Integration of Measurements and Models for Wind Characterization
Atmospheric phenomena across a wide range of scales impact wind power plant aerodynamics. For this reason, problems in wind engineering are best solved using an integration of measurements and models. This approach is used herein to answer a series of distinct research questions. The overarching objective of this work is to improve the quantification of flow parameters of relevance to the wind energy industry in heterogeneous landscapes. These landscapes include complex terrain and land-sea boundaries, turbulent flow within wind farms, and the numerical space referred to as gray zone in atmospheric modeling.
Focusing on the Great Lakes region, a new methodology for offshore wind resource assessment is presented, which is primarily based on in situ and remote sensing observations. It is demonstrated that a combination of distinct data sets yields a robust wind atlas and reduces the error in the final resource.
Seeking to better characterize wind farm aerodynamics, a new approach is proposed to increase the level of detail in low-fidelity wind turbine wake modeling. It consists of a stochastic model which moves away from the commonly used steady, axisymmetric wake modeling framework. When combined with a description for the velocity deficit distribution and used as input to a structural dynamics model, the proposed wake shape model is found to improve predictions of fluctuating loads and power.
Still aiming to characterize wakes, a different study is performed to quantify the level of uncertainty in wind speed retrievals when sampling a large atmospheric volume with a scanning lidar in a wind turbine wake.

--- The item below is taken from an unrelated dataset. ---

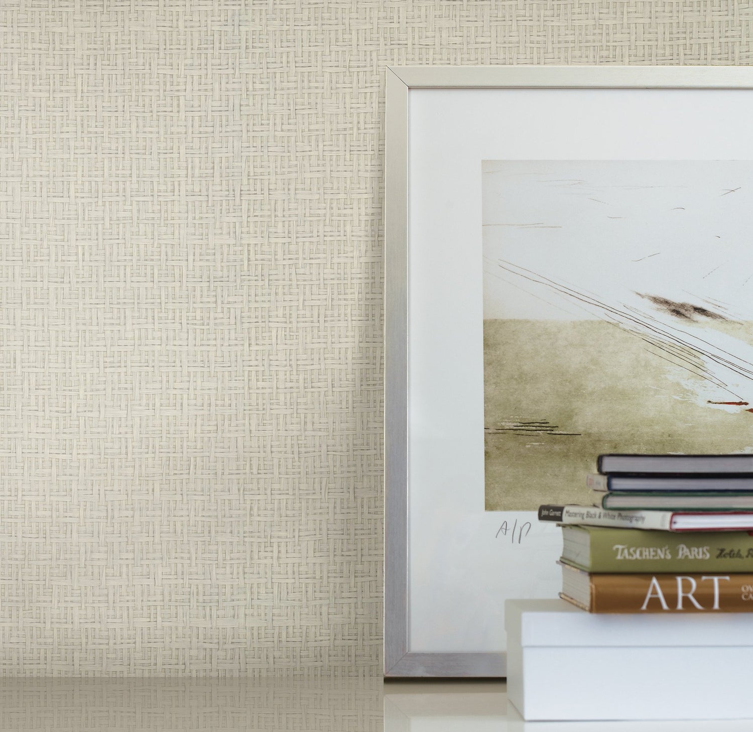 Detailed Name: Candice Olson Tatami Weave Light Grey Wallpaper, 36-in by 24-ft

A high-fidelity simulation is conducted and resampled to match the field measurements, enabling for a comparison between spatially and temporally disjunct points, and what would be seen by the lidar if it could either obtain a snapshot or a true temporal mean of the same volume of air.

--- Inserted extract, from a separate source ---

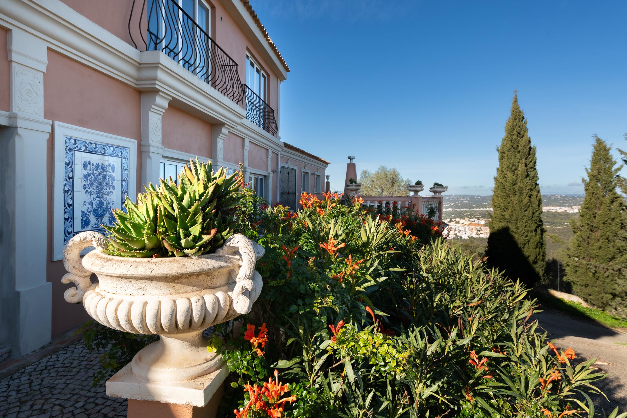 The outdoor areas unfold from terrace to terrace, each different and set on multiple levels, all centered around a fountain reminiscent of the stunning Amalfi Coast. Likewise, the traditional built-in masonry benches evoke the magical balconies of Ravello. The main terrace, where the swimming pool is located, faces west and allows you to fully enjoy the spectacular sunsets with which the Algarve delights us every evening.

Finally, when running full physics atmospheric simulations that are nested down from the meso to the micro scale it is important to consider the treatment of the gray zone in which half the turbulence is naturally resolved by the model while the other half needs to be parameterized. Cutting edge simulation techniques are employed to investigate three different ways of approaching this problem. In one such simulation we further determine how much of the discrepancy between measured and modeled flow parameters can be attributed to wake effects.